I have just about everything I hunt and fish for mounted, and discovered a new passion over the past few winters. Smelt fishing through the ice. Would it be possible or would any taxidermist attempt to mount a dozen or so smelt to make a cool scene out of them. i think they're pretty cool looking little fish. Thought it would be a cool conversation piece that nobody else has.


----------



## DFJISH (Mar 30, 2009)

I'd think trying to MOUNT a smelt would be an exercise in futility. Because of the nature of smelt...size, oily, thin skin, and loose chrome scales....they _might be_ a candidate for freeze drying. That said, any fish I ever had freeze dried shrank terribly and insects devoured them until they were hollow.

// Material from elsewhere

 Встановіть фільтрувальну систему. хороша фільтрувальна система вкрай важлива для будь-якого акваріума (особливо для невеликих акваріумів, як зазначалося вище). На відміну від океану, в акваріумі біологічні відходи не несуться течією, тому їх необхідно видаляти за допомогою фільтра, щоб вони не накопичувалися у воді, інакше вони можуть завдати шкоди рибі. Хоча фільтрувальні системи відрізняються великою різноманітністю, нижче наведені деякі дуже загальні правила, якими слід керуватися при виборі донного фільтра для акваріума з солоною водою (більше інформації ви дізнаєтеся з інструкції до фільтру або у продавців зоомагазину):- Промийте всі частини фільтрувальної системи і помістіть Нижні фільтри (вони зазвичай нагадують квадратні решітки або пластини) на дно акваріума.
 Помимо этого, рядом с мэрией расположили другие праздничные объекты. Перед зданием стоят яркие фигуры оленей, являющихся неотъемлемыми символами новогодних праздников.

Another route is to have some of them molded and models made.


----------



## outdoor junkie (Sep 16, 2003)

Thanks, don't have much knowledge on the process, just had my mind rolling around the idea. Maybe some reproductions is the way to go.


----------



## coldskins (Sep 26, 2011)

freeze dried is the way to go with them and its not all that expensive either good luck


----------



## taxidermist72 (Oct 24, 2010)

I think that I would get a mold made and go that route. My second option would be freeze dried. I have used lots of freeze dried fish in mounts and have never seen a single bug eat the fish. Mayeb they were not freeze dried long enough or the ones in my shop avent been around long enough, but I must ask what kind of bugs you have hanging around your shop? I bomb my shop everycouple of months, may want to consider that.


----------



## Liver and Onions (Nov 24, 2000)

I saw some brook trout for sale that had been carved from wood and painted. They looked quite good. If the painter can get the color right, this might work for you. 
The companys that sell the plastic bass, pike, etc. probably don't make smelt.


----------



## neil duffey (Feb 22, 2004)

yeah i would get them molded... less of a chance to have any mishaps w cheap freeze drying.


----------



## outdoor junkie (Sep 16, 2003)

Thanks guys, I will have to research the options a bit and figure something out. Thanks again.


----------